Furthermore, the emails reveal that Libyan Ambassador Chris Stevens expressed concerns over the deteriorating security conditions in Libya 18 months before the terrorist attack on the U.S. outposts that killed him, Foreign Service Officer Sean Smith, and former Navy SEALs Tyrone Woods and Glen Doherty.
Schmidt, who first revealed the existence of Clinton’s private email account, writes:
Mrs. Clinton’s emails show that she had a special type of government information known as “sensitive but unclassified,” or “SBU,” in her account. That information included the whereabouts and travel plans of American officials in Libya as security there deteriorated during the uprising against the leadership of Col. Muammar el-Qaddafi in 2011.

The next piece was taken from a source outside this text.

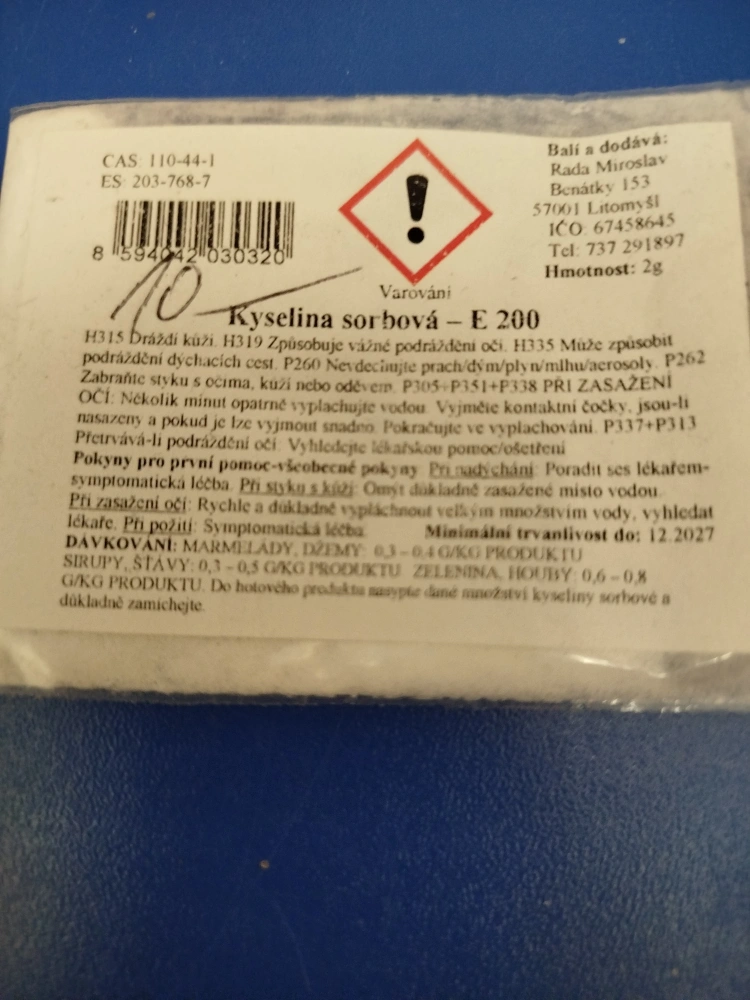 potravinářský konzervant k zabránění růstu plísní, kvasinek a bakterií, prodlužuje trvanlivost široké škály potravin jako jsou nápoje, sýry, marmelády, džemy, pekařské výrobky, kečupy, saláty, víno, sušené ovoce, margaríny, masné výrobky a nakládaná zelenina.

“Nearly a year and a half before the attacks in Benghazi, Mr. Stevens, then an American envoy to the rebels, considered leaving Benghazi, citing deteriorating security, according to an email to Mrs. Clinton marked ‘SBU,’” he adds.
It remains uncertain whether Clinton took any security precautions to protect the private email server she used as secretary of state, which experts say is less secure than the one used by the State Department.
Schmidt reports that Clinton also forwarded emails to Jake Sullivan, her foreign policy adviser, containing memos from Sidney Blumenthal, a former Clinton aide and political ally.
Sullivan would then disseminate those memos to other senior State Department officials, reportedly, without telling them the memos were from Blumenthal.
In a memo sent to Clinton the day after the September 11, 2012, attack on the American compound in Benghazi, Blumenthal, who was subpoenaed by the Benghazi panel earlier this week, attributed the attack to an anti-Islam YouTube video, an allegation that was debunked by a memo he sent the following day.
The Times article states:
Citing “sensitive sources” in Libya, the memo provided extensive detail about the episode, saying that the siege had been set off by members of Ansar al-Shariah, the Libyan terrorist group. Those militants had ties to Al Qaeda, had planned the attacks for a month and had used a nearby protest as cover for the siege, the memo said. “We should get this around asap,” Mrs. Clinton said in an email to Mr. Sullivan. “Will do,” he responded.
That information contradicted the Obama administration’s narrative at the time about what had spawned the attacks. Republicans have said the administration misled the country about the attacks because it did not want to undermine the notion that President Obama, who was up for re-election, was winning the war on terrorism.